SOURCE MATERIAL

------------------------------------------------------------

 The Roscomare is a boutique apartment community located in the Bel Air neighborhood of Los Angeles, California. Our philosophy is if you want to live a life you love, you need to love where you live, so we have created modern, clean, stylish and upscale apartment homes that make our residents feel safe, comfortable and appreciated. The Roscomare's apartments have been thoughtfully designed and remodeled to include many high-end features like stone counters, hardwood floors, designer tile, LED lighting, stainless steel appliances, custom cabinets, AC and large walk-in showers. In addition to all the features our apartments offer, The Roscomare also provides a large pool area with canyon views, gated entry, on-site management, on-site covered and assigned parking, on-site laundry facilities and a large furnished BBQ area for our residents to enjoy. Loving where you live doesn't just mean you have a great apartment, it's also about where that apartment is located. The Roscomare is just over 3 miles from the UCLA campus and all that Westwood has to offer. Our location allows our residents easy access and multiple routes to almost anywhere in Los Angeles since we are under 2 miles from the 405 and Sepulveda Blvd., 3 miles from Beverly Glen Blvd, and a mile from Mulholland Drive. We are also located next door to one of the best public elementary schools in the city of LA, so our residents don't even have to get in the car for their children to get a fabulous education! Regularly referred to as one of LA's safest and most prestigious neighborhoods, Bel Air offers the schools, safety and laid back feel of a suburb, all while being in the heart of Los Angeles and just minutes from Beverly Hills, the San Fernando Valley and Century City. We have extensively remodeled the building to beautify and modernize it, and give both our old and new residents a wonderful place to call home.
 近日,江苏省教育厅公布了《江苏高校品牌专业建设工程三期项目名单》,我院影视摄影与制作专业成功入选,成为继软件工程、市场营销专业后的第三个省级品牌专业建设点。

------------------------------------------------------------

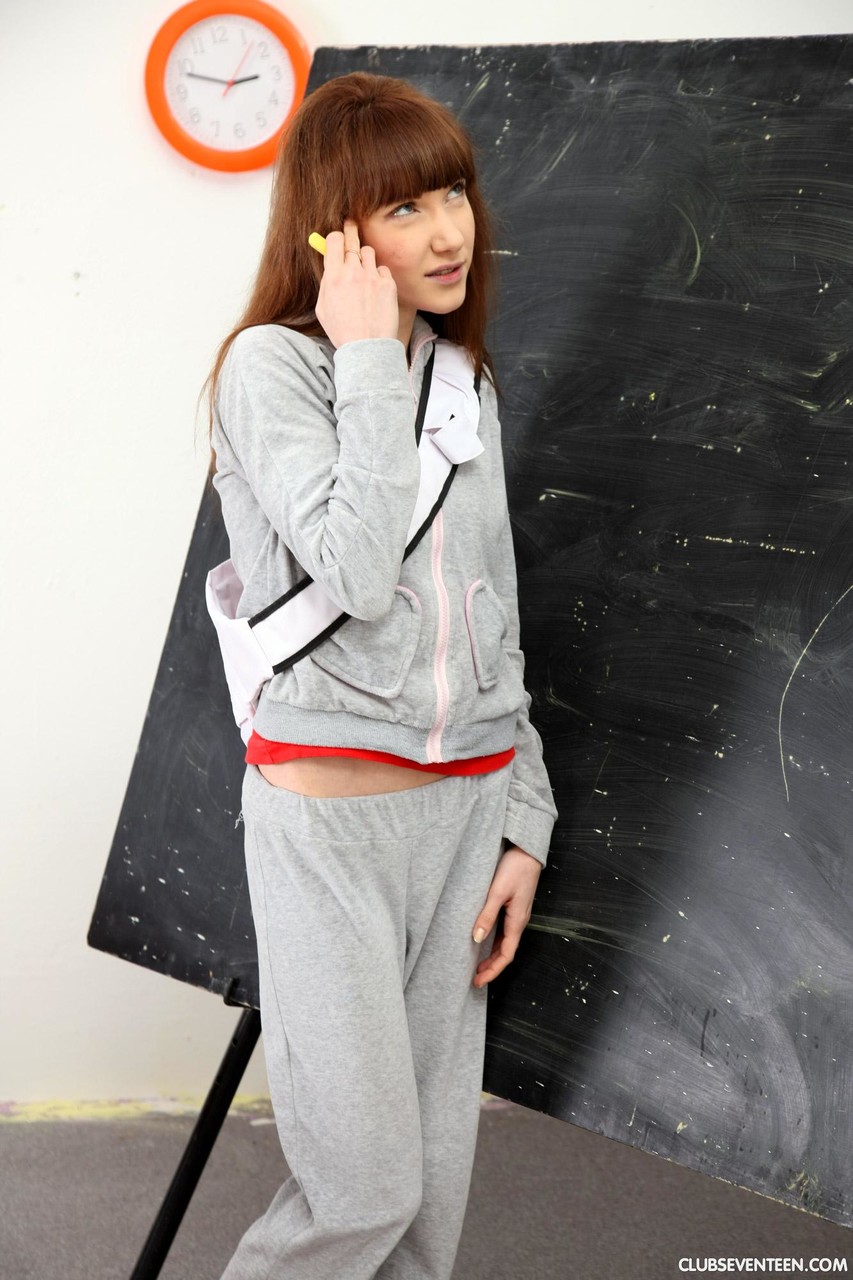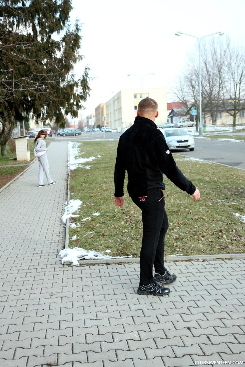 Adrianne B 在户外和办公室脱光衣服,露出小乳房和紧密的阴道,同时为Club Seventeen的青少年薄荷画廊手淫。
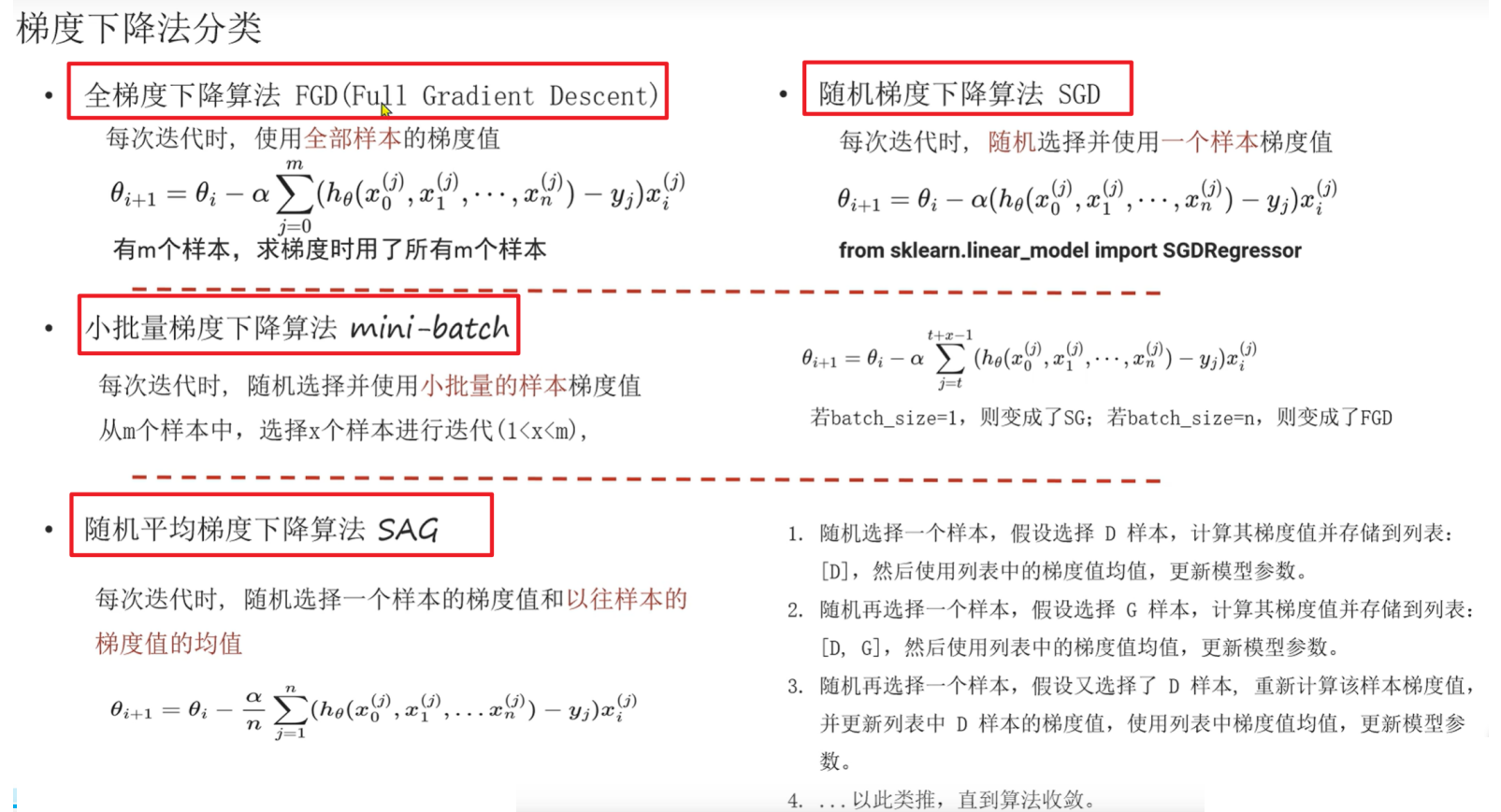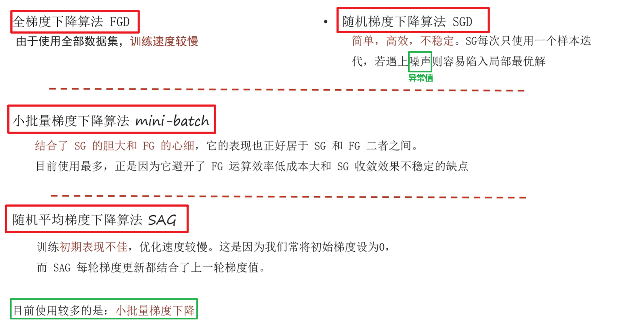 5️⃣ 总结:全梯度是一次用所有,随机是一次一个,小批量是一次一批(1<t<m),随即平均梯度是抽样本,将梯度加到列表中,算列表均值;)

------------------------------------------------------------

EXERCISE DIRECTIONS
From the listing above, please give again the lines that begin with the line holding "Adrianne B 在户外和办公室脱光衣服,露出小乳房和紧密的阴道,同时为Club" and go on through the line holding "5️⃣ 总结:全梯度是一次用", exactly, both ends included, minus any picture.

ANSWER BOX
 Adrianne B 在户外和办公室脱光衣服,露出小乳房和紧密的阴道,同时为Club Seventeen的青少年薄荷画廊手淫。
 5️⃣ 总结:全梯度是一次用所有,随机是一次一个,小批量是一次一批(1<t<m),随即平均梯度是抽样本,将梯度加到列表中,算列表均值;)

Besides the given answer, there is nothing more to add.